Вот это новость! Впрочем, я всё равно б не сменял родную мне Хапу на Софпорог, тем более, что здесь мне грозила губа, если не уеду сегодня. Хаппонен свою угрозу не забудет, можно не сомневаться. Гнусный это мужик, рассказывали – он и на офицеров стучал своему политначальству, и даже получал за это в морду от комбата.

Наконец, насос погрузили, а теперь – газу! И на Хапу, домой. Надо же, за год с лишним службы казарму домом стал называть. Да так он и есть, по сути.

Сердце чуть не выпрыгивало у меня из груди, когда я, наконец-то, отъехал от комбината в сторону Старого Софпорога. Поскольку печка в моём чаморочном МАЗе не работала, да и не было её отродясь, то пришлось опустить оба боковых стекла, чтоб не заиндевело от дыхания лобовое стекло.

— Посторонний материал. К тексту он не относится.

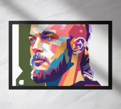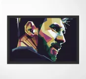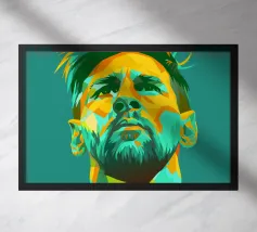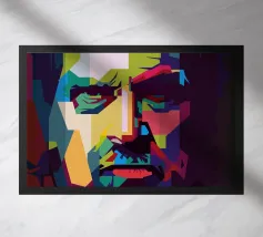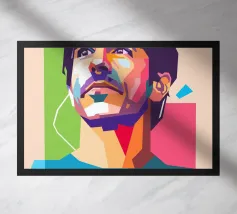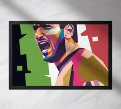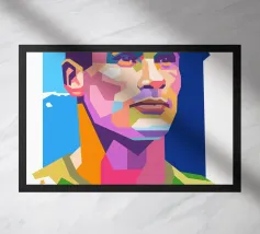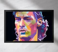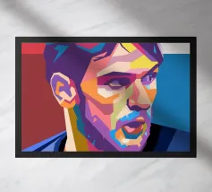 Lionel Messi in stile WPAP è un ritratto sorprendente e colorato del leggendario calciatore, creato utilizzando forme geometriche nitide e toni vivaci. Questo pezzo pop art cattura i tratti iconici e il carisma pacato di Messi, celebrando la sua grandezza attraverso l'audace linguaggio visivo di WPAP (Wedha's Pop Art Portrait).

И это при минус сорока на улице! Впрочем, мне было жарко, гидроусилитель руля тоже не работал, исправного насоса в гараже для меня не нашли. Ну и плевать, мне на этом самосвале больше не работать, после рейса я перейду в лесоповальную бригаду. Мослать вручную баранку тяжёлого МАЗа – не самая лёгкая работа, и вскоре от меня пошёл пар, несмотря на мороз. Я посмотрел на начмеда. Лейтенант потихоньку закрывал окно, из которого на него дул морозный воздух. Лобовое стекло тут же покрывалось морозными узорами, я протирал его рукавицей и сердито говорил лейтенанту, чтобы он не закрывал боковое окно. Он соглашался, опускал стекло, а потом снова потихонечку поднимал его.

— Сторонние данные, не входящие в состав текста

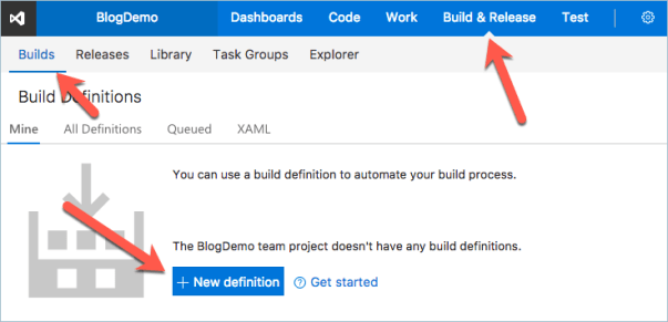 The build definition in VSTS is designed to build and compile your code and then take the resulting build and save them to an artifact store. You can create build definitions for Visual Studio applications, XCode applications, Android applications and, of course, Java applications. In VSTS go to the Build & Release section of your project and then make sure you are on the Builds tab. Click on the New Definition button to get started.
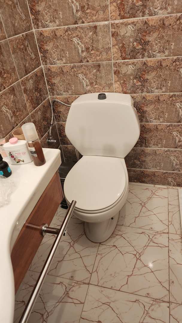 Der Abstand vom Klo bis zum Schrank war mehr als knapp. Man musste sich schräg drauf setzten

Наконец, мне надоело бороться с инеем на стекле и уже за погранпостом я сказал медику:
– Что у вас в бутыле – спирт?
– А тебе то что за дело? – сердито так ответил.

И я начал грузить его:
– Ну, вы слыхали про спиртовые антиобледенительные системы? Спиртом поливают обледеневшие поверхности самолёта и он испаряется вместе со льдом.
– И что?
– Ну так, я уж забодался стекло протирать. Если б мне глотнуть спирта и дышать им на лобовое стекло, то иней на него бы не садился.
– Ты что! Ты ж за рулём!
– Ну дык, я ж глотать его не буду, только рот ополосну. А то не доедем, на хрен, – припугнул его. Тормозной кран к тому времени прихватило замёрзшим конденсатом в воздушной системе, ехали практически без тормозов. Для того, чтобы этого не случалось, на воздушных баллонах МАЗа, ресиверах, стояли специальные краны для слива конденсата, который полагалось ежедневно продувать. И это предохраняло тормозную систему от замерзания… при морозах до минус двадцати-тридцати. При сильных морозах тормозной кран все равно примерзал из-за мельчайших капелек влаги, не осевших на дне ресиверов.

Остановились, лейтёха открыл бутыль и протянул её мне:
– На, тока немного.
– Само собой, – и я присосался к бутыли, делая глотки.

Вот только не надо возмущаться «Не верю!», уважаемые читатели. Я и сейчас могу на спор выпить чистый спирт из горлышка, а уж тогда, в стройбате – тем более. К тому же на морозе спирт легче пьётся.

Начмед вырвал у меня бутыль, едва не обломав мне зубы.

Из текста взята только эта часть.